Debt-to-Income (DTI) Ratio Requirements
There are two calculations. The first or Front Ratio is your housing expense-to-income ratio. This is your proposed mortgage payment PITI (principal, interest, taxes, mortgage insurance, and homeowners insurance) divided by your gross monthly income.
The second or Back Ratio is your total monthly obligations-to-income ratio.

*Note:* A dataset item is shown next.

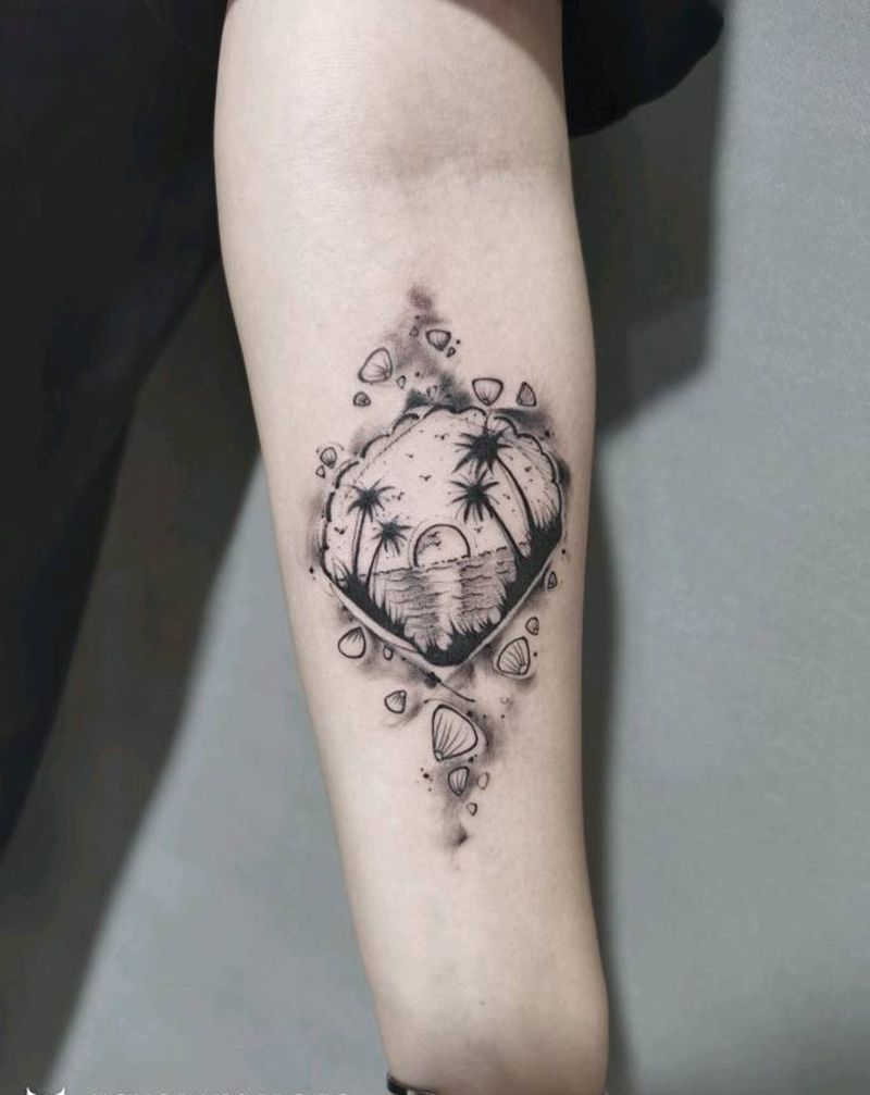 贝壳纹身图片_手臂几何水墨贝壳纹身图案

This is your gross monthly payment including Mortgage PITI divided by your gross monthly income.
Your State FHA loan requirements include a maximum debt to income ratio.
FHA maximum debt to income ratio is usually 54.99%. Most lenders may limit maximum debt-to-income to under 50% and some lenders to 45%.
Employment Verification your most recent pay stubs, W2s for the past 2 years and Tax Returns, however if you are self-employed or have been employed for less than 2 years the lender may ask for additional documentations such as; federal income tax statements and/or profit & loss statements.
Eligible Your City Property Types
- 1-4 unit residences
- The borrower must live in the home
- Manufactured homes (mobile homes)
- Must be owner-occupied, this loan program may not be eligible for investment or rental properties
You may be able to qualify for your second home for an FHA Home Loan if the first home is not already a primary residence and you do not already have an FHA Home Loan in place for that home.
1-4 unit properties including condominiums are eligible; but please still check with your lender for manufactured housing eligibility.
Down Payment Requirements
The down payment for an FHA Home Loan is in most cases are considerably low compared to conventional mortgages. The minimum down payment for any FHA mortgage is usually 3.5% as opposed to at least 5% for conventional mortgages.
For example: If you were looking to purchase a $300,000 home, the down payment required would then be $10,500 at a 3.5% down. The conventional loan requirement for down payments is normally at 5% which would be $15,000 down payment required, that is $4,500 that you can use towards repairs to keep up the maintenance or your home and even closing costs instead, helping you save more money for other costly expenses.
Currently, rates are at 18 month lows! See if you are eligible for an Your City FHA Loan Today!